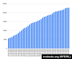 Афіцыйна прызнаныя 38 956 выпадкаў COVID-19 у Беларусі — 22-е месца ў сьвеце паводле распаўсюду новага каранавірусу. Беларусь ужо абагнала Швэцыю, Партугалію, Швайцарыю, Польшчу, Украіну і многія іншыя эўрапейскія краіны.
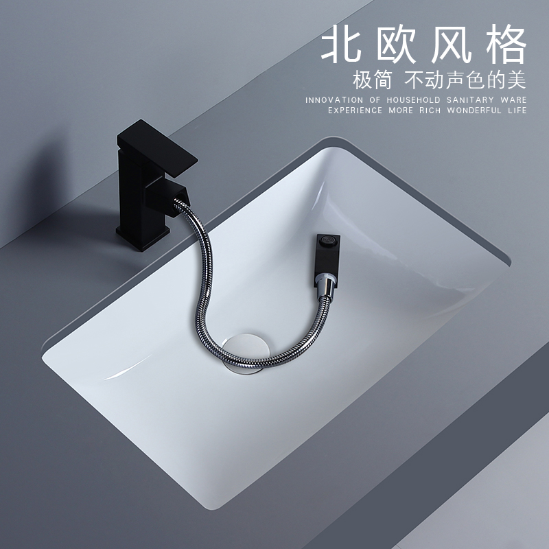 600m rectangular flat bottom floor pelvis large size Home Makeup Room Ceramic Flush wash basin Single sink 24 inch
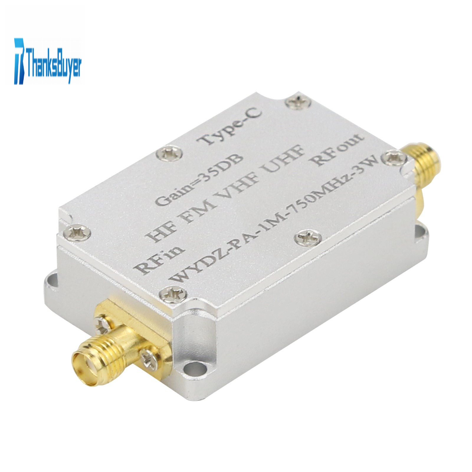 HF FM VHF UHF Broadband RF Power Amplifier FM Transmitter Amplifier Shell 35DB WYDZ-PA-1M-750MHz-3W
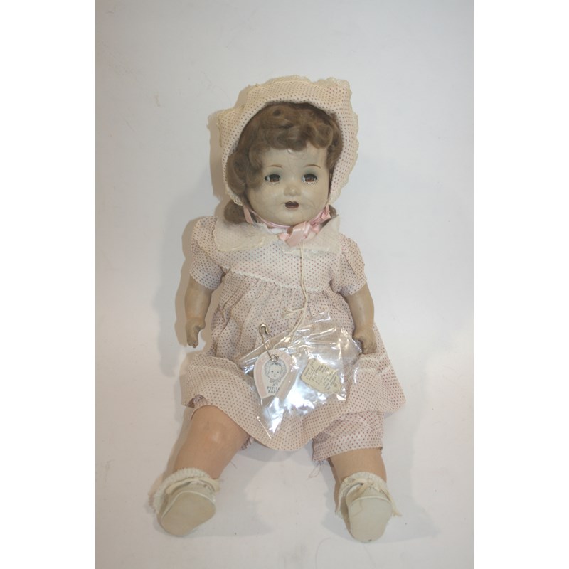 'CHUCKLES' AMERICAN DOLL a composition head doll with weighted eyes and voice box, with the original label and tag. 17ins (43cms) high
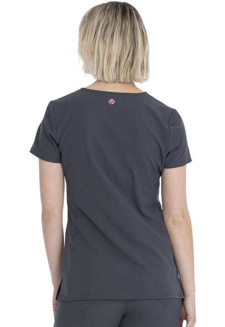 A Contemporary fit print top with shaped v-neck features front and back princess seams plus side vents for ease of movement. There are three pockets: two rounded front patch pockets and one interior pocket on the wearer's right side. Center back length: 26".
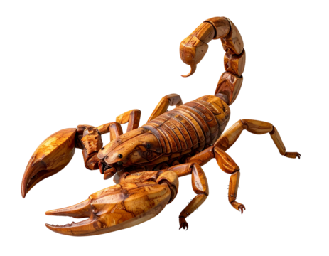 Brown scorpion with raised tail and prominent pincers, viewed from above, isolated on transparent background
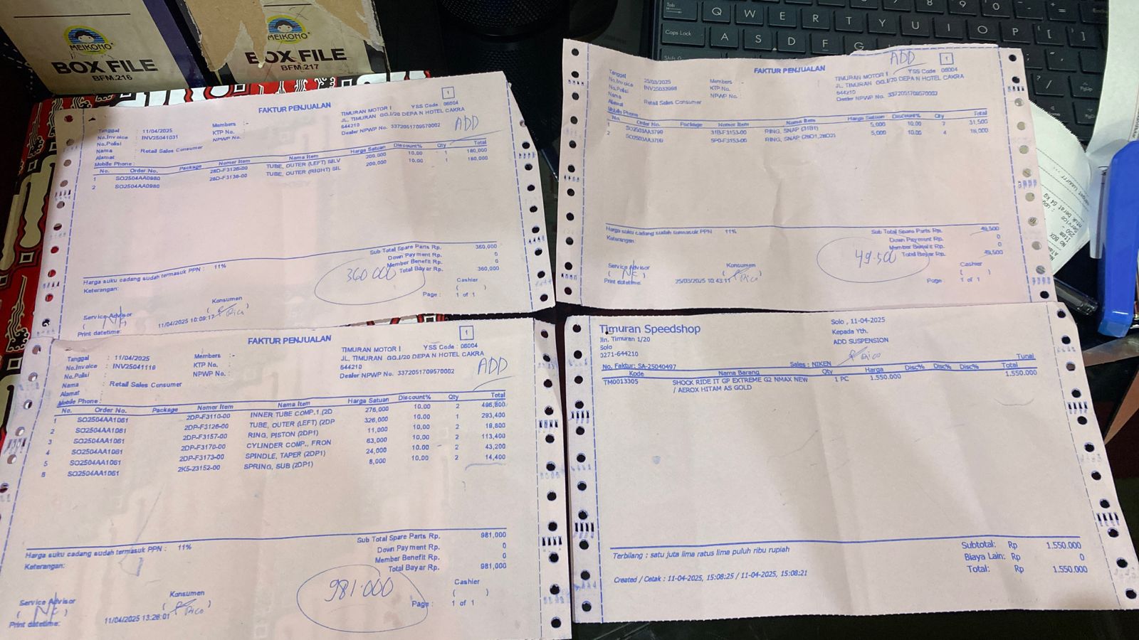 | 2 Sets | YMHCCFF2DP CYLINDER COMP., FRONT FORK - (Sets) | Rp. 63,000 | Rp. 126,000 | 10 % | Rp. 12,600 | Rp. 113,400 |

==============================

What to do => Exact repeat, pictures omitted: give every line from the top of the records down to and including the line with "17ins (43cms) high".

Answer for this exercise =>
 Афіцыйна прызнаныя 38 956 выпадкаў COVID-19 у Беларусі — 22-е месца ў сьвеце паводле распаўсюду новага каранавірусу. Беларусь ужо абагнала Швэцыю, Партугалію, Швайцарыю, Польшчу, Украіну і многія іншыя эўрапейскія краіны.
 600m rectangular flat bottom floor pelvis large size Home Makeup Room Ceramic Flush wash basin Single sink 24 inch
 HF FM VHF UHF Broadband RF Power Amplifier FM Transmitter Amplifier Shell 35DB WYDZ-PA-1M-750MHz-3W
 'CHUCKLES' AMERICAN DOLL a composition head doll with weighted eyes and voice box, with the original label and tag. 17ins (43cms) high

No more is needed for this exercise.